Select Committee on Science and Technology Written Evidence


APPENDIX 14

Memorandum from Professor Kay E Davies, former member of the MRC Task Force on the NIMR

  As you may know, I am a member of MRC Council and was also a member of the Task Force looking at the future of NIMR. I am writing this in my capacity as a member of the Task Force and an Honorary Director of an MRC Unit. I have been associated with the MRC and working at the interface between basic science and clinical medicine for the last 20 years. I am currently Chairman of the Scientific Advisory Board of the Department Health funded clinical trial which you helped so much to set up.

  The MRC is required by OST to re-assess the strategic relevance of an institute whenever there is either a quinquennial review or whenever a Director retires. The MRC therefore needed to consider the future of NIMR in the context of its strategic priorities for the next 20-30 years. The genetic revolution and sequencing of the human genome has provided an unparalled opportunity to exploit basic science in the clinic. The MRC would naturally wish to facilitate this transition as much as possible to strengthen links with the NHS in the UK and also to ensure the exploitation of the fruits of the genome sequencing era via the biotechnology and pharmaceutical industries. This step requires a shift from a purely biologically based research to a more multidisciplinary environment.

  The Task Force was set up in a spirit of openness and with no prior agenda. The first meeting endorsed the need for a National Institute but also recognised the need for the science to evolve towards more translational research. It was acknowledged that NIMR was already engaged in some translational research but the renewed institute would need to have more emphasis in this area.

  Some discussion was had about whether the remit of NIMR should cover clinical research as well as translational research. This was decided to be inappropriate as the former would need another type of infrastructure. Indeed, the report from the Academy of Medical Sciences has recommended a dispersed model for clinical research activity. The Task Force vision does not conflict with this recommendation.

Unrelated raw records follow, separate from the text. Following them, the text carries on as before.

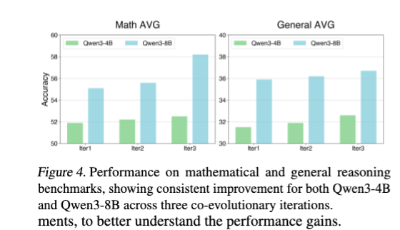无论是 4B 还是 8B 模型,在数学和通用推理任务上的准确率都呈现出漂亮的上升曲线,证明这个进化循环是真实有效的。
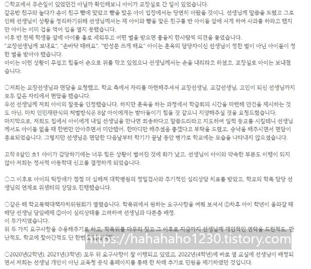 지난번 포스팅한 대전교사 자살 사건이 점점 새로운 이야기들을 맞이하면서 여러 가지 양상을 보이고 있습니다. 가해자로 지목된 학부모들의 입장문 발표와, 이에 따른 동료교사의 반박 입장발표, 그리고 같은 반 학부모였던 분의 입장발표 등으로 계속해서 새로운 의견이 나오고 있습니다. 자세히 알아보도록 하겠습니다.
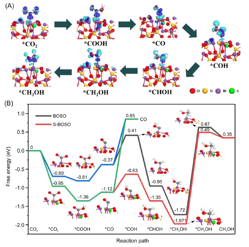 碳中和研究院肖遥团队通过水热辅助表面硫化策略合成了的硫化改性[Bi2O2]2+层硅酸氧铋光催化剂 (S-BOSO),以期获得高效的低浓度CO2还原性能。实验表征结合理论计算从原子层面证明了表面硫化改性的硅酸氧铋纳米片具有电荷富集的铋位点,扩宽了可见光谱吸收,提高了电荷转移效率并构造出丰富的表面活性位。该工作有望推动低浓度CO2还原光催化材料的设计,以实现更广泛的应用。S-BOSO催化性能的提升主要来自于以下三个方面:(1)扩宽的可见光吸收范围;(2)增强的光生载流子分离效率;(3)电荷富集的Bi位点降低了CO2还原反应速率限制步的能垒。该研究为设计具有高活性无机半导体CO2还原光催化剂提供了新思路,也为低浓度CO2转化及太阳燃料光催化剂的设计提供了重要参考。
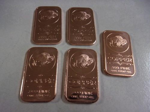Copper Bars * 1 Ounce Each * .999 Bullion * Five Piece Buffalo...
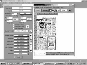 接下来Settings窗口中,设置好扫描参数,然后单击“Overview”,ScanWizard Pro就会快速运行预览图像功能,当预览的图像出现时,你就可以调整预览图的浮动点边缘,来决定实际扫描的最后大小。最后就可以单击“Scan”按钮,扫描结束后,图像就会传到Photoshop,你就可以作进一步的编辑或保存了。(如图4)(
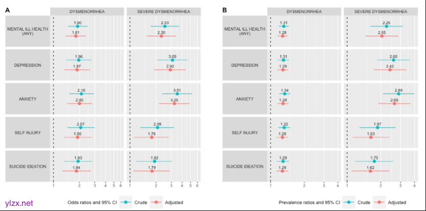 图1:与没有相同表现的同龄人相比,有心理健康问题表现的青春期女孩痛经和严重痛经的优势比(A)和患病率比(B)
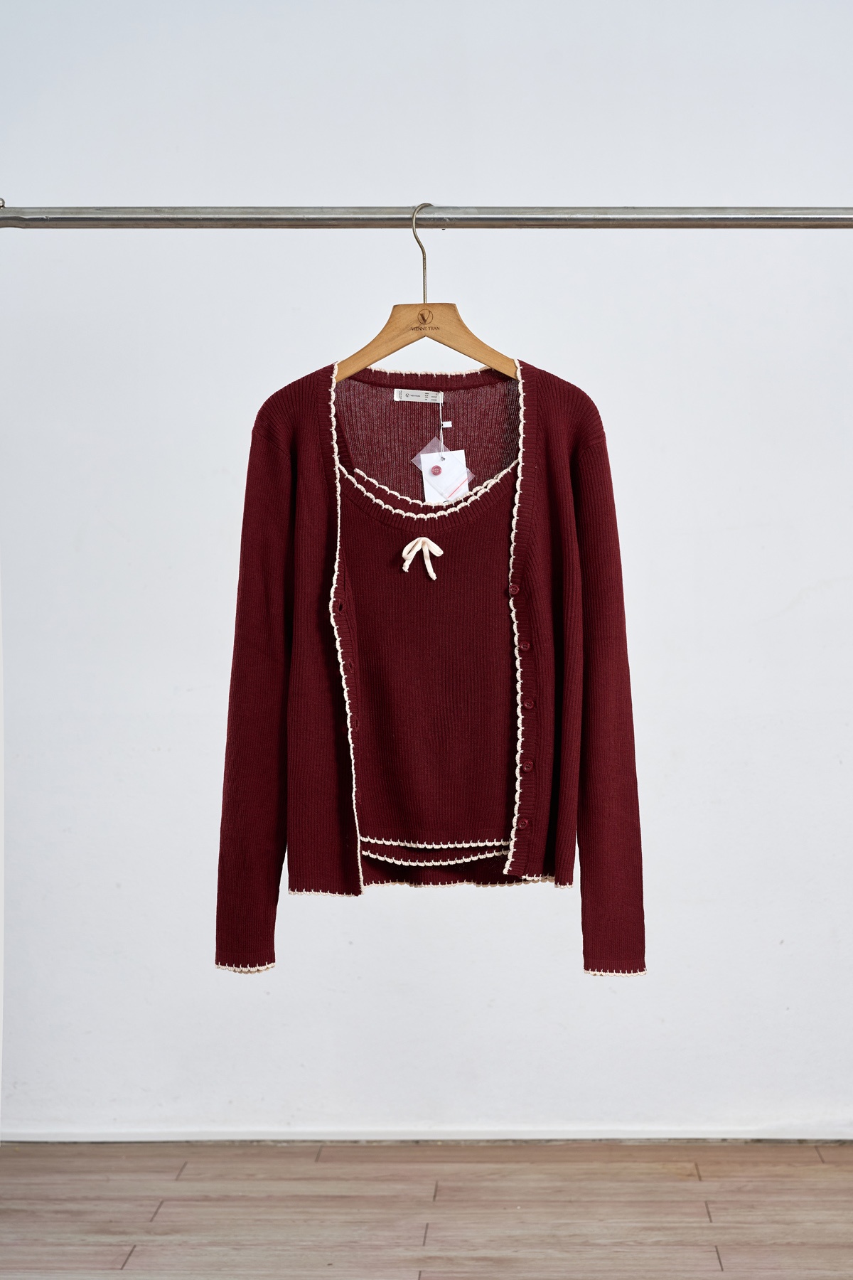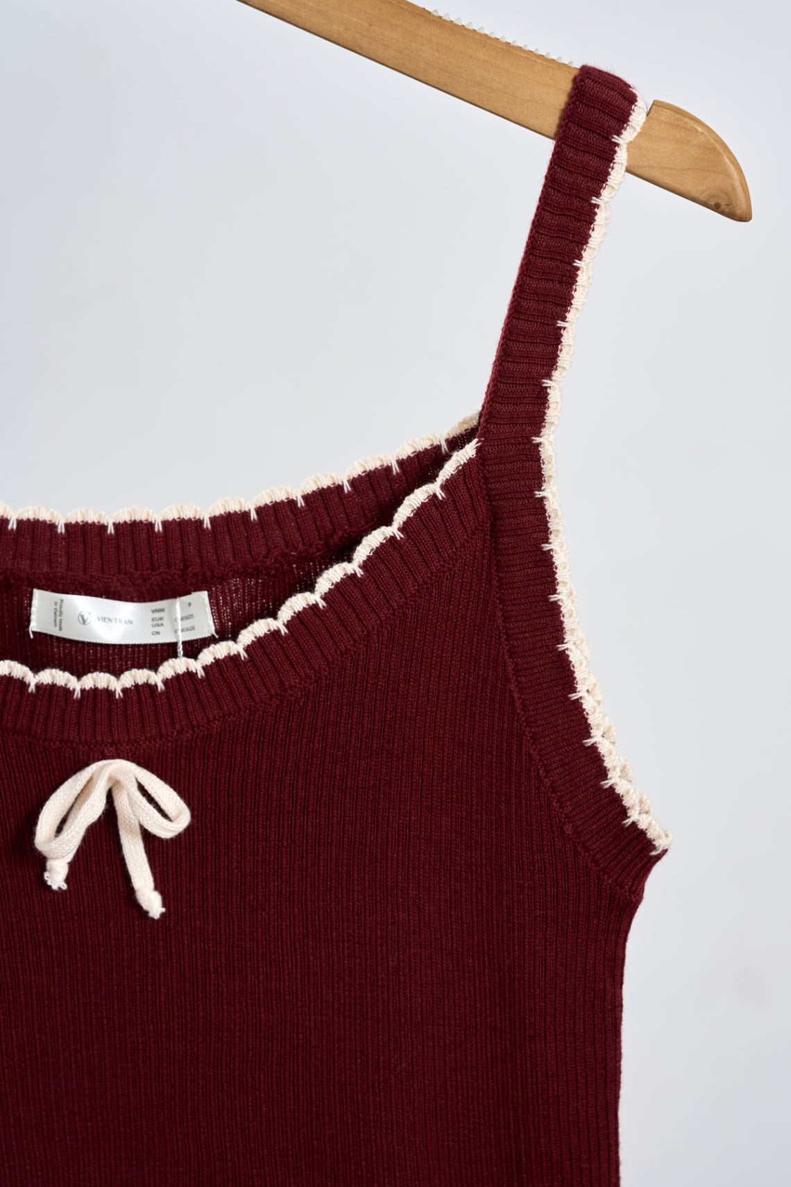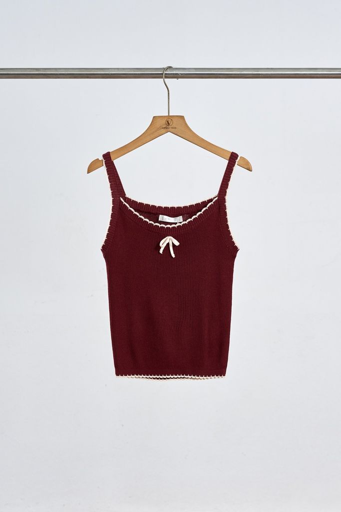 Áo len 2 dây phối viền đính nơ - V61B25T001 KHUYẾN MÃI - ƯU ĐÃI
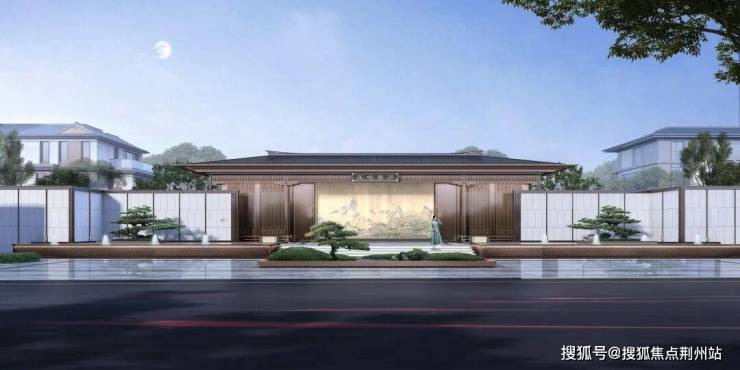 凤鸣雲庐沿街面尺度约44米的高奢主入口,令门庭礼序自入境就已然彰显。景墙之上的《千里江山图》,将恢弘的江山画卷、青绿山水搬至门前。入口台阶门楣越级,高质感石材更显简约气度,以及水景、绿植等多重细节景观构建,让每一次归家都浩然立序。
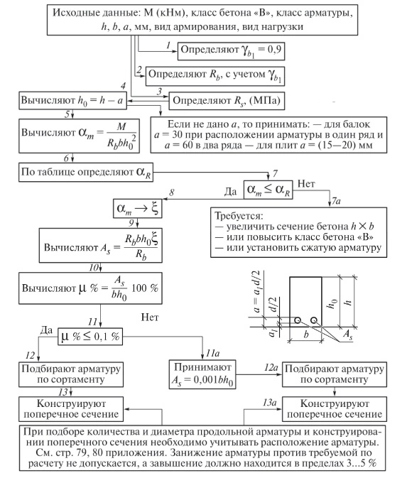 Алгоритм определения площади сечения продольной рабочей арматуры для изгибаемых элементов прямоугольного сечения с одиночной арматурой
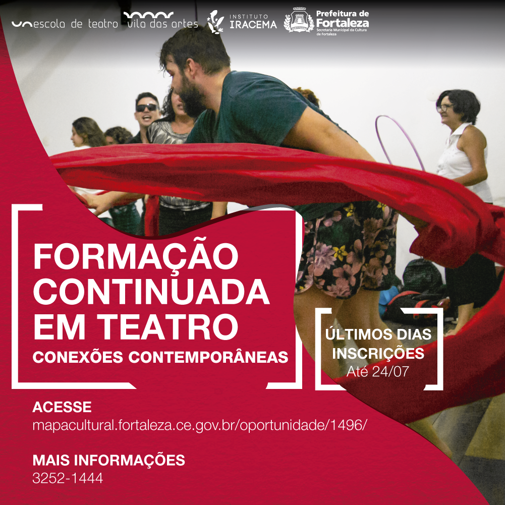 A Vila das Artes encerra na quarta-feira (24/07) o período de inscrições do curso “Formação Continuada em Teatro: Conexões Contemporâneas”. Gratuito e promovido pela Escola Pública de Teatro da Vila das Artes, a capacitação será um espaço de pesquisa, criação e experimentação, com o objetivo de fortalecer e consolidar as ações dos artistas e coletivos de teatro na Cidade. As inscrições devem ser feitas online pelo Mapa Cultural de Fortaleza.
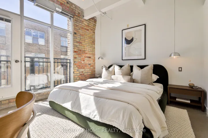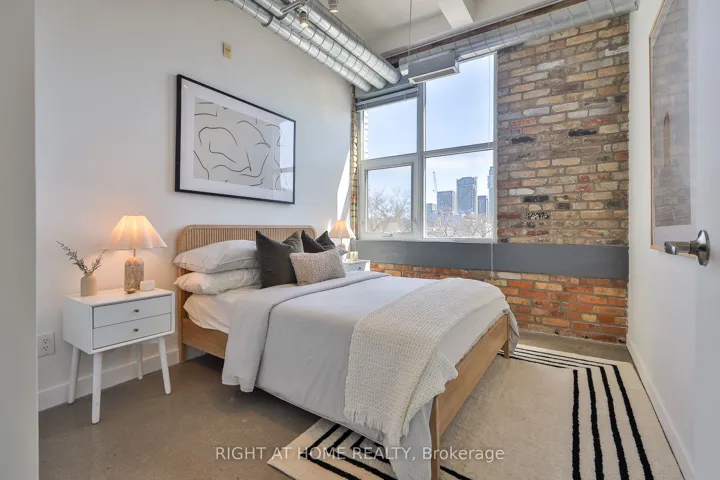 Authentic hard loft living at the iconic Chocolate Company Lofts, directly across from Trinity Bellwoods Park. A rare southwest corner 2-bedroom suite, tucked away from Queen and overlooking a quiet, tree-lined residential pocket – offering the perfect blend of natural light and privacy. Rich in character with exposed brick, original beams, polished concrete floors and soaring ceilings. This thoughtfully designed loft features a functional split 2-bedroom layout, two full bathrooms and a well-appointed kitchen with full-size stainless steel appliances, stone countertops, a large eat-in island and ample storage. The spacious primary bedroom features two walk-in closets and a 4-piece ensuite. Queen West at your doorstep and moments to Ossington, Dundas West, King West, and the city’s best restaurants, cafés, and boutiques – with TTC at your doorstep. Parking, storage locker and a double bike rack included. Building features 24hr security/concierge, a nicely outfitted gym and spacious party room.
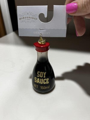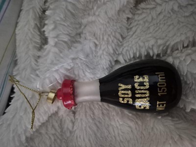 Glass Soy Sauce Bottle Christmas Tree Ornament - Wonder shop is so cute. It make a great Christmas ornament. The Soy Sauce is very significant to myself and my husband. When we were dating we used to go try different Chinese restaurants. So we not only got the chance to know each other. But we also learned where the best Chinese food was at. This little Soy Sauce Bottle is a reminder of that time. It's made of Glass. Looks very realistic. And is the cutest little Soy Sauce Bottle. It's makes a great little gift for those Chinese food aficionado's.

  It can be debated whether translational research is done better adjacent to a medical school or not. However, there are additional considerations in locating a renewed institute. Translational research needs more interdisciplinary working in order to achieve its aims of delivery to the clinic and establishing links with industry to produce new drugs. In particular, there is a need for modern synthetic chemistry, physical chemistry, engineering and imaging. The Task Force therefore invited bids for other London institutions to accommodate NIMR.

  The membership of the Task Force was made up of leaders in the field many of whom have been involved in multidisciplinary institutes and translational research. The discussions were open and the proceedings published on the web. There was no bias at any stage.

  The Task Force recognised the high cost of re-location but also recognised the cost of keeping NIMR at Mill Hill. It was therefore decided to invite bids for a re-location. MRC Council could then make an informed decision about the future.